Solidarity, or God being with us in our suffering, trials and death, is a hugely powerful theme in Scripture. What has to be guarded against, however, is the tendency to leave the theme of solidarity unexamined, and thereby allow one concept to become such a dominant theme that it unwittingly drowns out (and even damages) the larger framework of which it is a part.

Simply put: solidarity, God being with us, in our midst in our suffering and death, has to be coupled with God being for us in the midst of our suffering and death. For there to be real redemption, real salvation, God cannot simply be a co-suffer-er – He must overcome the powers of sin and death which afflict us. Solidarity on its own brings no redemption. If God is passibly with us, then there is no overcoming of death, because only that which cannot die can defeat death, and if death is not defeated, then there is no redemption – and a God who cannot redeem is no God at all.

However, this has to be seen, as I said above, within a larger framework – the framework of Christus Victor – the triumph of Christ over death, sin and the powers. The redemption of humanity, which is accomplished by God’s radical solidarity with us in Christ, who in taking on human nature heals, sanctifies, and redeems us via the hypostatic union, is coupled with the victory of Christ, which is accomplished by the impassible deity of Christ. If Christ is passible in his divinity, then death cannot be defeated by only experienced.

What kind of solidarity is provided by impassibility, though? I’ll let Luy answer that:

‘Impassibility refers, for him (Luther), to the “mode” of God’s radical immanence: a maximally radiant nearness of incorruptible divinity in the midst of abject human weakness; the triumph of of deathless might in the very jaws of mortal defeat.’ (‘Dominus Mortis’, p. 209)

‘Only a God, who is incorruptibly divine, can be the Lord over sin, death and the devil.

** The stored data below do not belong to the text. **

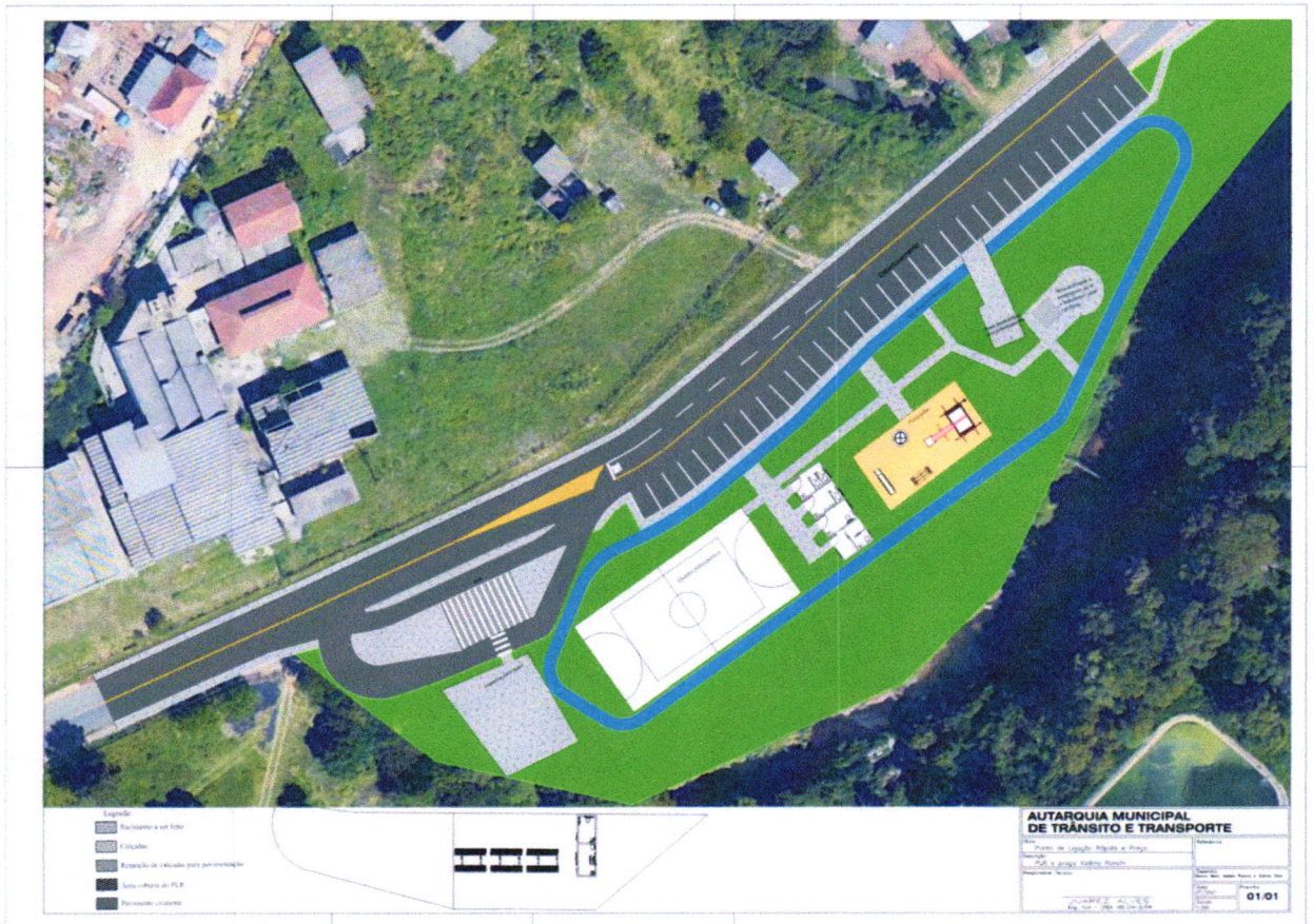
Figura 3: Anteprojeto do PLR.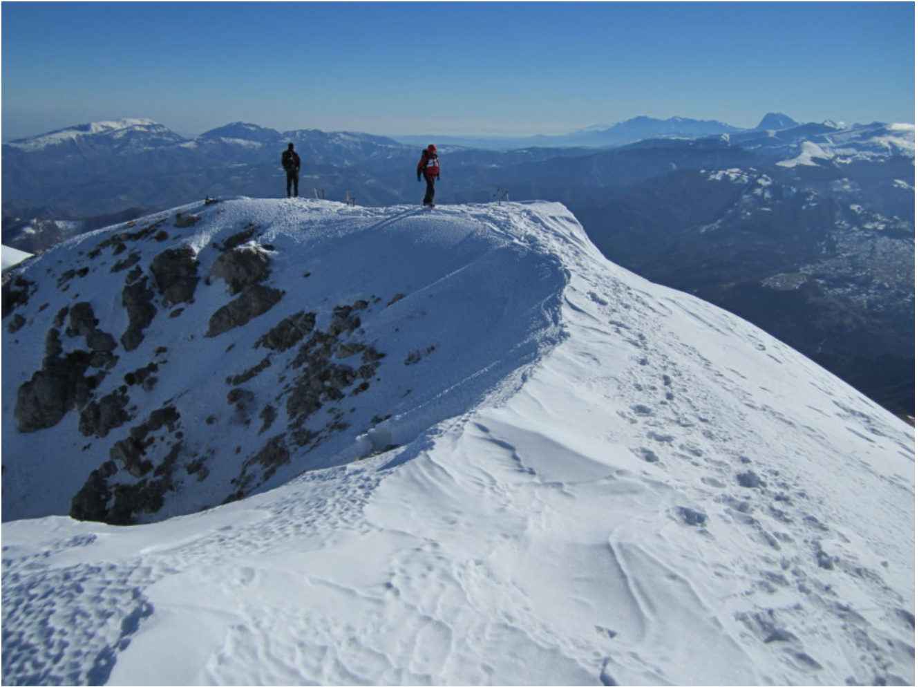
7- La cima della Punta di Prato Pulito con a sinistra in ombra il pendio di uscita dell'itinerario di salita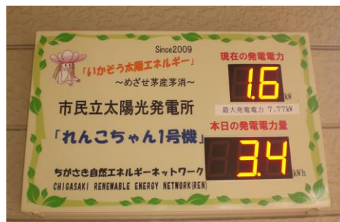
茅ヶ崎市民立太陽光発電所の発電表示装置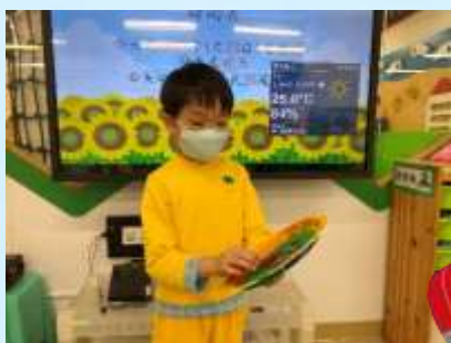
我依個係磁力車嚟!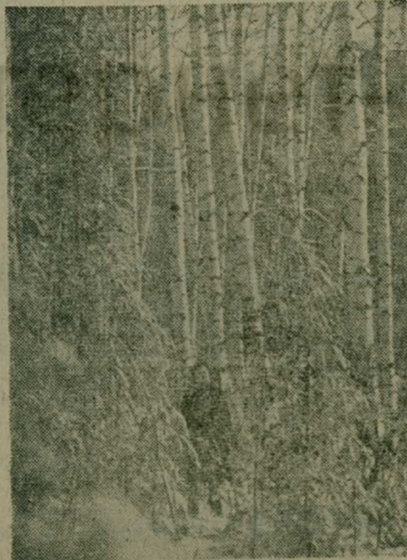
В зимнем лесу.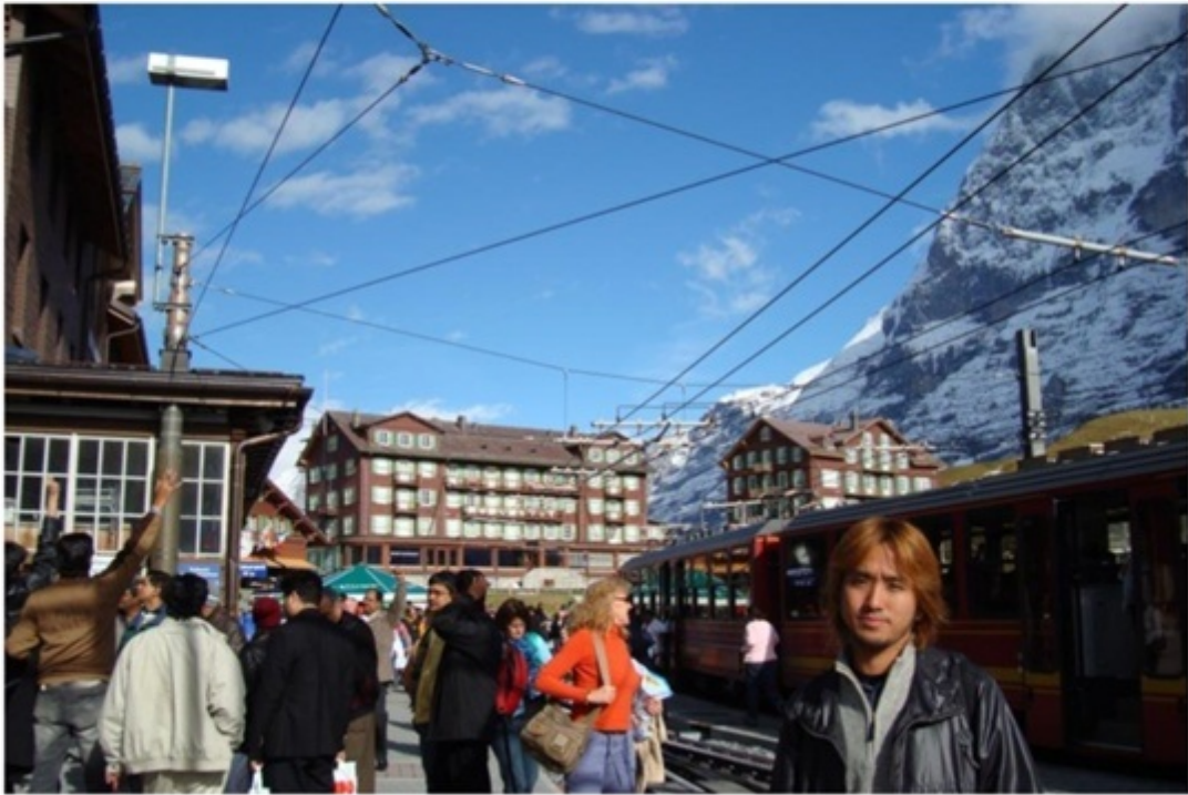
氷河鉄道の乗換駅。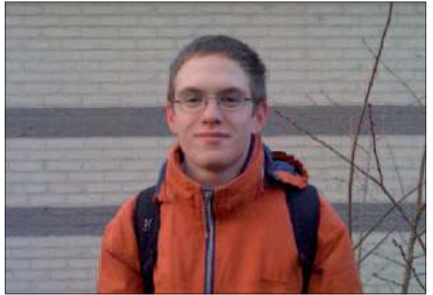
'Ik kijk nu heel anders tegen debatteren aan'.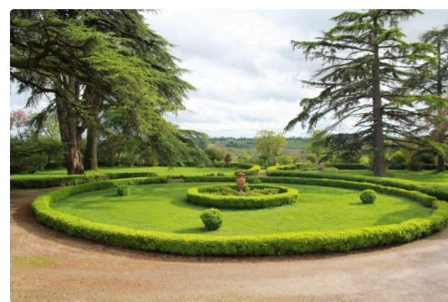
vues des jardins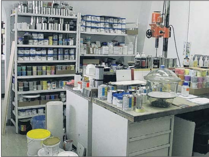
1. Das Labor: Hier werden Farbtöne entwickelt und Rohstoffe geprüft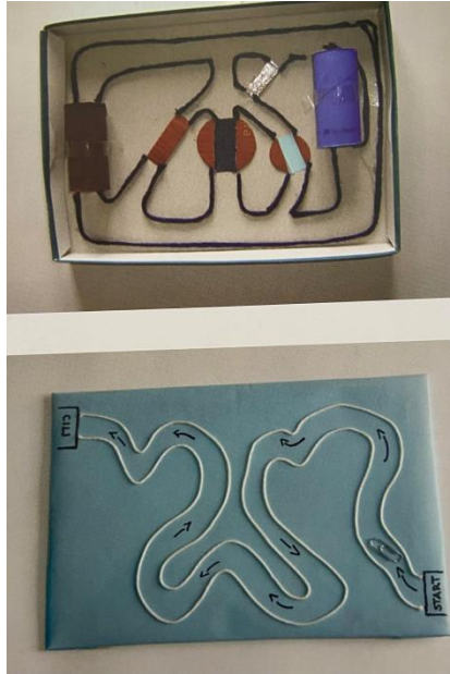
Slika 7. Magnetni labirint (Slunjski, 2006)

Stalna dodavanja novih predmeta i samoinicijativno donošenje novih predmeta čiju mogućnost privlačenja djeca žele provjeriti te poticajnim odgojno – obrazovnim aktivnostima, potaknut će istraživanje te će omogućiti sređivanje, grupiranje i verbalizaciju iskustava o tome koje materijale magnet privlači, koji od njih sami stječu magnetizam, a koji to ne mogu (Došen Dobud, 2018).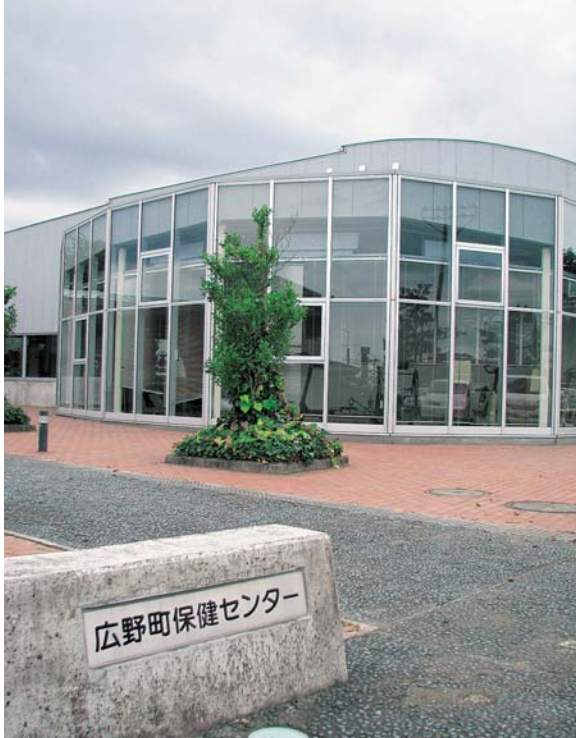
健康づくり事業のかなめ保健センター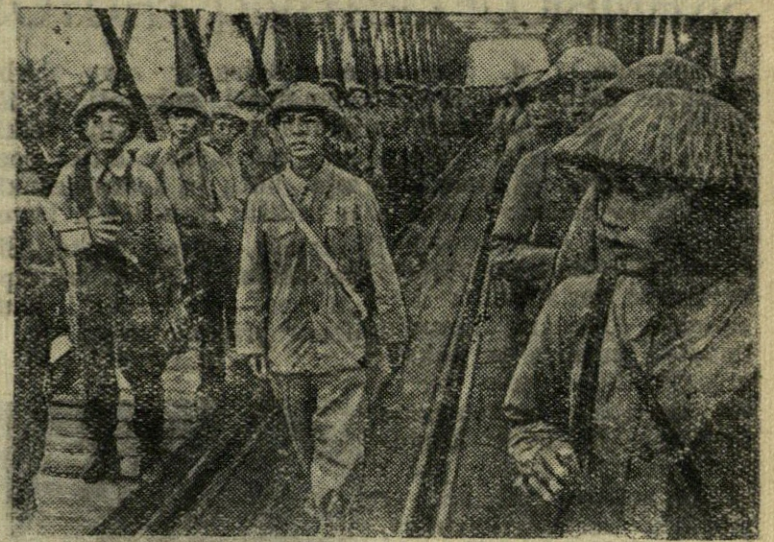
Vietnamo Demokratinė Respublika. Neseniai įvyko Chanojaus miesto perdavimas Vietnamo Demokratinėi Respublikai. Nuotraukoje: Liaudies būriai įžengia į Chanoją.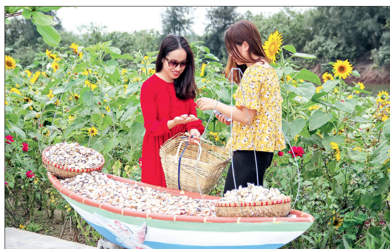
Vườn hoa hướng dương kết hợp cùng những thiết kế cảnh quan đẹp xung quanh đem đến cho du khách những phút thư giãn, bình yên và thoải mái nhất.

viên khu du lịch sinh thái cồn Đen cho biết: Mục đích của việc trồng hoa hướng dương tại khu du lịch nhằm tạo một điểm nhấn, một luồng sinh khí mới để thu hút du khách. Đây là một loài hoa biểu tượng cho tình yêu thủy chung, tình bạn chân thành và sức sống mãnh liệt với màu vàng rực rỡ đầy ấm áp như ánh nắng mặt trời. Đến với cồn Đen du khách sẽ vừa được tắm biển, khám phá hệ sinh thái rừng ngập mặn..., lại vừa được thưởng lãm không gian tự nhiên tươi mới khi ngắm nhìn những bông hoa hướng dương. Ngoài vườn hoa hướng dương, khu du lịch còn trồng rất nhiều loài hoa khác như hoa hồng, hoa lan... kết hợp cùng những thiết kế cảnh quan đẹp sẽ đem đến cho du khách những ngày cuối tuần nghỉ ngơi thư giãn, bình yên và thoải mái nhất.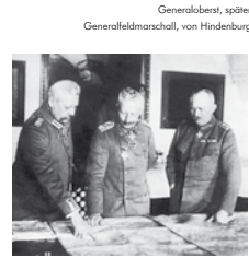
Generaloberst, später Generalfeldmarschall, von Hindenburg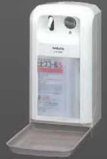
SAUD-1000 ขนาด 1,000 มล. สามารถพ่น น้ำยาเป็นพวยหรือเป็นหยด (ระบุตอนสั่งซื้อ)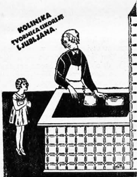
Prava KOLINSKA CIKORIJA.

Brezposelnost tudi na Japonskem. Zveza japonskih strokovnih organizacij izjavlja, da je število brezposelnih na Japonskem 400.000, kakor se uradno označuje, veliko prenikzo in da znaša faktično njih število najmanj 1.200.000. Vlada je za razna za-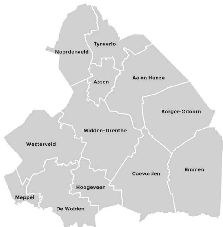
Figuur 2: Overzicht van het werkgebied van de RUD Drenthe

Drenthe is geweldig! Het prachtige landschap en de rijke geschiedenis wordt door veel mensen enorm gewaardeerd. In Drenthe is er nog rust, het Dwingelderveld is in 2020 niet voor niets verkozen tot het stilste gebied van Nederland. Naast rust zijn er in Drenthe ook een aantal bijzondere bedrijven te vinden zoals: Astron in Dwingeloo, Wildlands Adventure Zoo in Emmen en het TT-Circuit in Assen. Meer dan 95% van de het Drentse bedrijfsleven behoort tot het MKB. Binnen de overige bedrijven is agrarische sector het sterkst vertegenwoordigd, gevolgd door de recreatieve sector. Zware industrie bevindt zich op het Getec Park in Emmen. Hier hebben zich onder andere bedrijfstakken van DSM en Teijn Aramid gevestigd.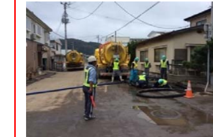
藤原地区において側溝に詰まった土砂をバキューム車で撤去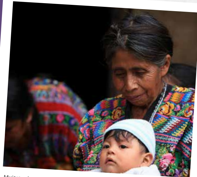
Mujeres de Momostenango, municipio donde se ubica el sitio piloto de PINN.

La Plataforma de Información Nacional sobre Nutrición es una iniciativa global de la Unión Europea y se ejecuta en 10 países alrededor del mundo, siendo Guatemala el único país de Latinoamérica. Es implementado por CATIE (Centro Agronómico Tropical de Investigación y Enseñanza) y como beneficiario directo la Secretaría de la Seguridad Alimentaria y Nutricional (SESAN). Se inició en agosto de 2017.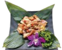
陳釀花雕雞腿 Stir-fried Chicken with Chinese Sauce: 鶏肉の紹興酒蒸込み 소용 닭고기 조림 花雕酒蒸雞 Gà Hua Diao kiêu Hồng Kông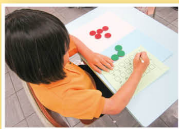
學生利用雙色籌碼教具學習8的組合與分解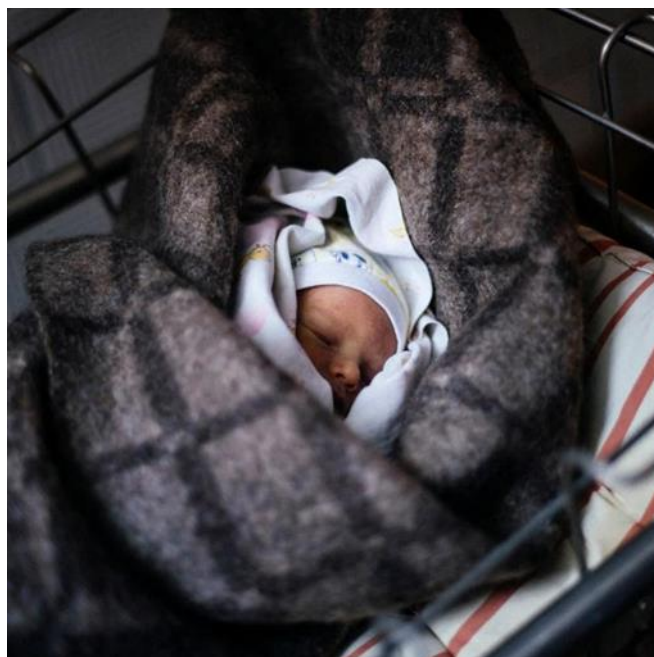
Slika 8. Novi životi u ratnoj Ukrajini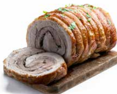
ARROSTO DI VITELLO COTTO MEZZO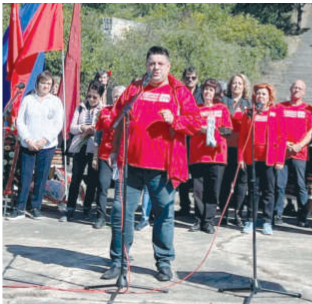
За мен е истинска чест и предизвикателство да бъда водач на листата на

Надежда за по-добро утре, надежда за мир, равенство и социална справедливост. Това са темелите на нашата партия, а вие сте хората, които олицетворяват тази надежда.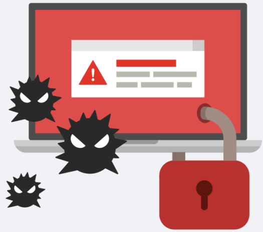
Malware Attacks मालवेयर आक्रमण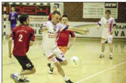
Zimski malonogometni turnir Kaj kup ivanečki je nogometni brend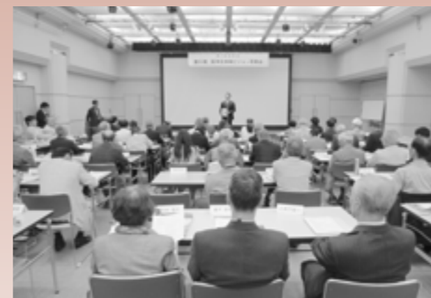
第1回全体会の模様（関連記事2ページ）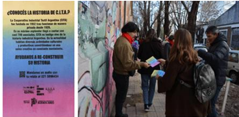
Figura 8. Eje pasado.

De manera complementaria, se preparó una breve historia de la cooperativa, que fue expuesta en la calle junto con material gráfico y fotográfico.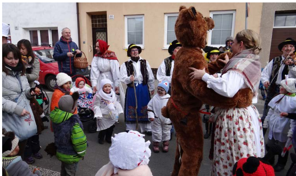
Poslední masopustní sobotu 25. února 2017 prošel Husovicemi fašankový průvod s maskami.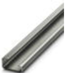
G-Profil-Tragschiene, Material: Stahl, ungelocht, Höhe 15 mm, Breite 32 mm, Länge 2 m

Tragschiene ungelocht - NS 32 UNPERF 2000MM - 1201015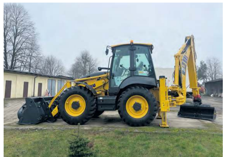
Nowa koparko-ładowarka jest warta ponad 600 tys. zł. Gmina otrzymała na jej zakup sto procent dofinansowania.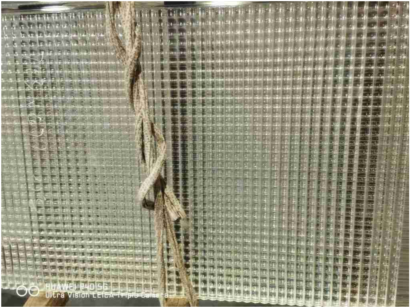
Patrones de vidrio de caña cruzada diseños únicos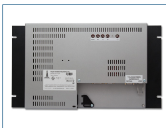
Vista trasera del monitor de montaje en bastidor de 15".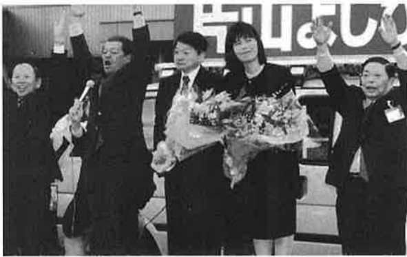
中央が喜びの片山知事

私なんかのようにできない悪たい。私の勤務先は千代田区。西は台地の尾根続きだけに当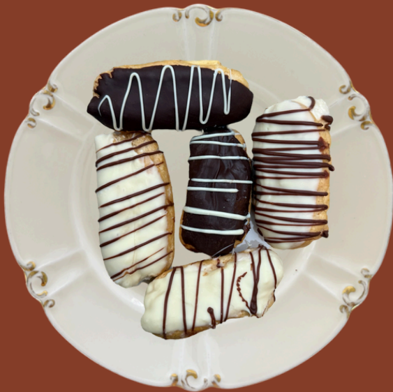
EKLER / 200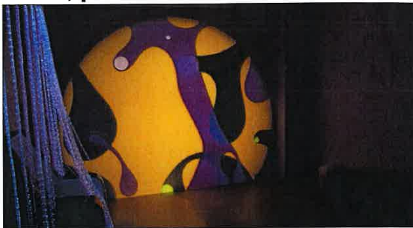
L'objectif de l'espace Snoezelen : diminuer la consommation des médicaments, et rendre les patients plus calmes pour une meilleure prise en charge.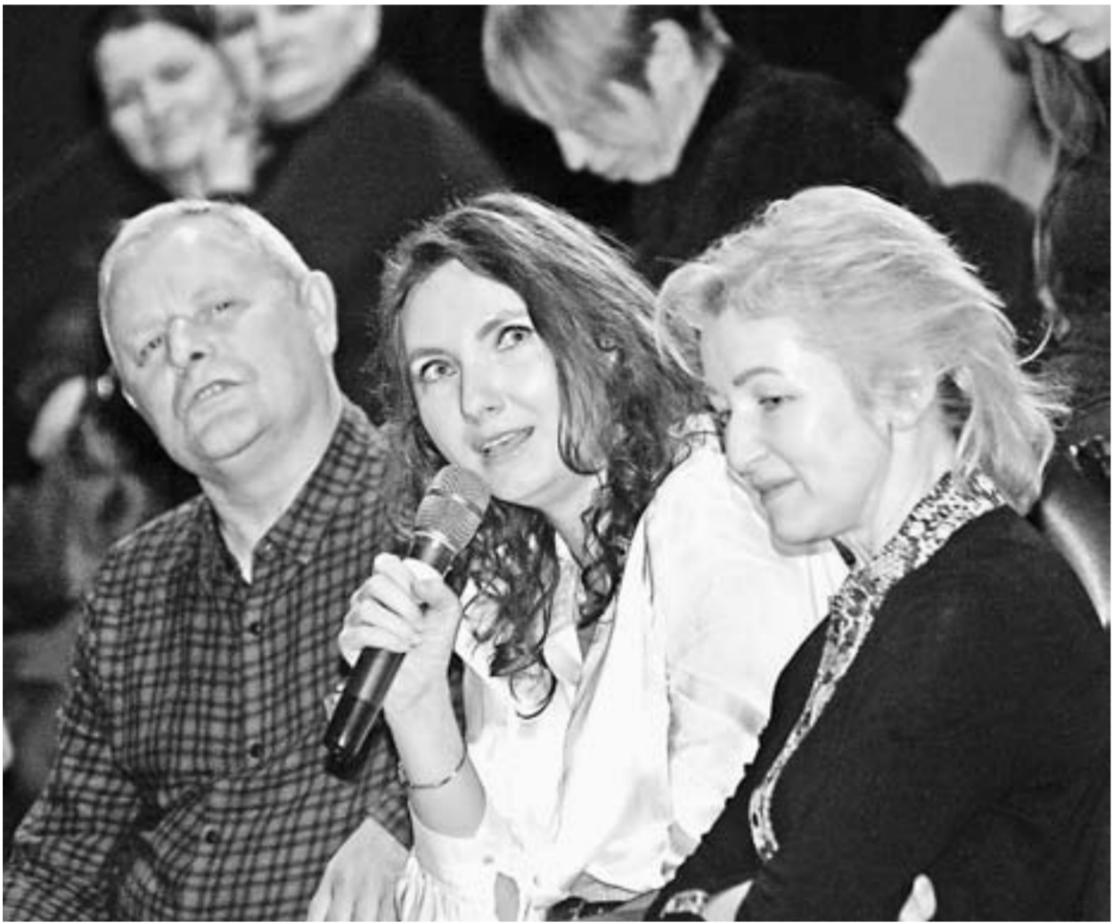
Мнения зрителей об увиденном диаметрально разошлись.

Only such a one may irradiate human weakness with deathless might and break the power of death and Hades…impassibility, in other words, is not an abstract means of protecting some predetermined notion of divine transcendence in spite of God’s presence in Christ…God is present impassibly because only a God thus present can redeem – and only a God who can redeem is truly God.’ (p. 210)

In His impassibility, God truly is in the most radical solidarity – truly immanent and truly present in all His divine life – radically with us, and impassibly redeeming us. In short:

– Christ is man (he suffers with us, as one of us)

– Christ is God (he is deathless and redeems us)

From Christ’s impassible divinity follows his victory, and from his humanity and solidarity follows redemption. From both of these follow atonement.

3 thoughts on “The Solidarity of Impassibility

  1. Cal January 27, 2015 / 6:26 pm

    Certainly, if God merely dies with us, and does not vanquish by His incorruptibility, then as you say, it’s pretty hopeless. The German romanticism, laden in Norse mythos, of mighty men charging to their doom is awe inspiring, but no amount of veneration turns the tides of Ragnarok. It is true that Christ was on the Gallows, but that was His moment of victory. Despite some, Resurrection is the central key to Scripture, not cross (though resurrection includes that).

    It seems mainstream theology goes between pendulum swings between the triumphalism of social gospel to the weeping process god. Either way, Jesus can’t save us, only we can (sort of). It’s a Pelagianism for a weepy eyed Goethe.